What the exercise asks — Repeat the lines from the one containing "HJ 2530-2012 环境标志产品技术要求 印刷 第二部分:商业票据印刷" through the last line of the data, exactly, pictures omitted.

Available data —
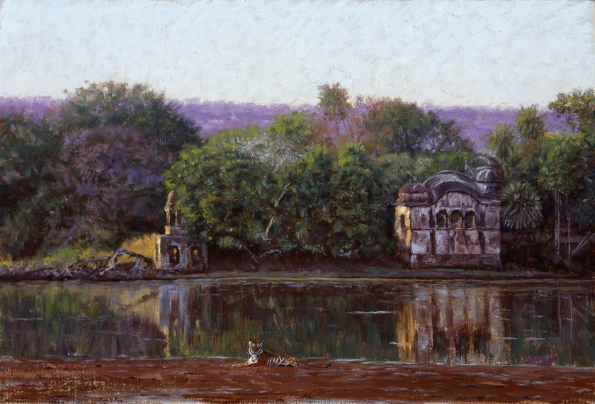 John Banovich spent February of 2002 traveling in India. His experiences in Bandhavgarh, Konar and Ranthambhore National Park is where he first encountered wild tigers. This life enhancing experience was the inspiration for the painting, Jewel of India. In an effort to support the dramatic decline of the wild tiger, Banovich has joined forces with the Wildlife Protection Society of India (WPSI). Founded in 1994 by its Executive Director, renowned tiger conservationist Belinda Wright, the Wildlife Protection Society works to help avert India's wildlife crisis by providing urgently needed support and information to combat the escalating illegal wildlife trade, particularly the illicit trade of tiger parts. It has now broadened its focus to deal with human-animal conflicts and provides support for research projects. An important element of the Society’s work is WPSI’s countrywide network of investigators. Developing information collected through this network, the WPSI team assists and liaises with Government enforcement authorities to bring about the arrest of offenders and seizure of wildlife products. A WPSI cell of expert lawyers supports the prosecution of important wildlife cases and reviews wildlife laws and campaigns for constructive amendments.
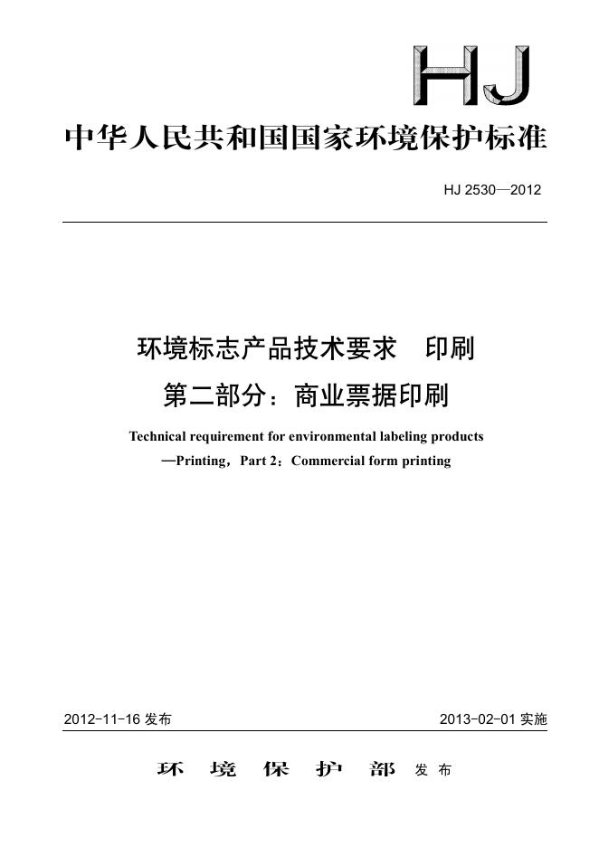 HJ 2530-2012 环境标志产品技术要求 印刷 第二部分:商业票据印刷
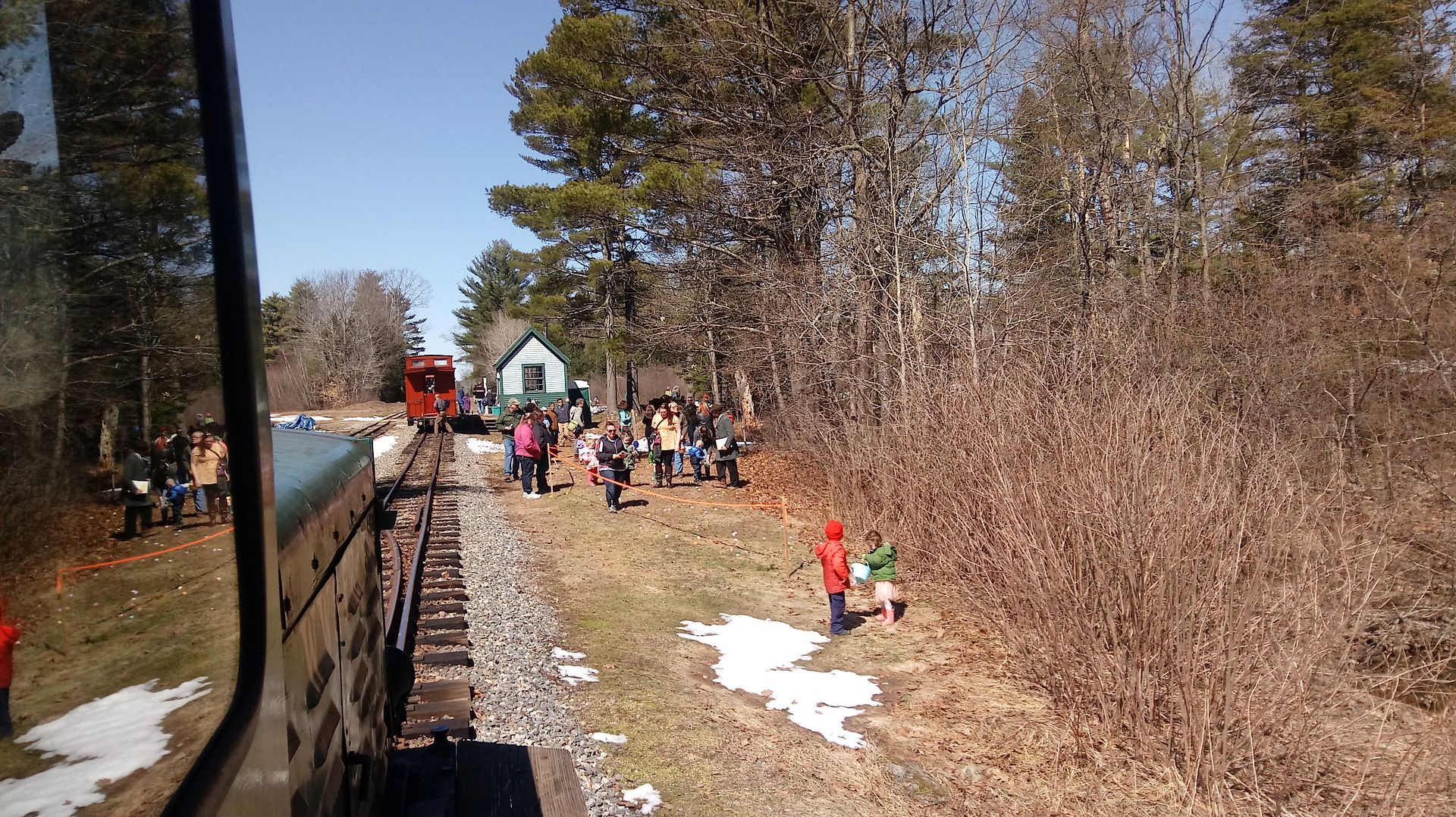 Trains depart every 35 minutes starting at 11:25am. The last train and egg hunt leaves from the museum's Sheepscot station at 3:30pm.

Exercise solution —
 HJ 2530-2012 环境标志产品技术要求 印刷 第二部分:商业票据印刷
 Trains depart every 35 minutes starting at 11:25am. The last train and egg hunt leaves from the museum's Sheepscot station at 3:30pm.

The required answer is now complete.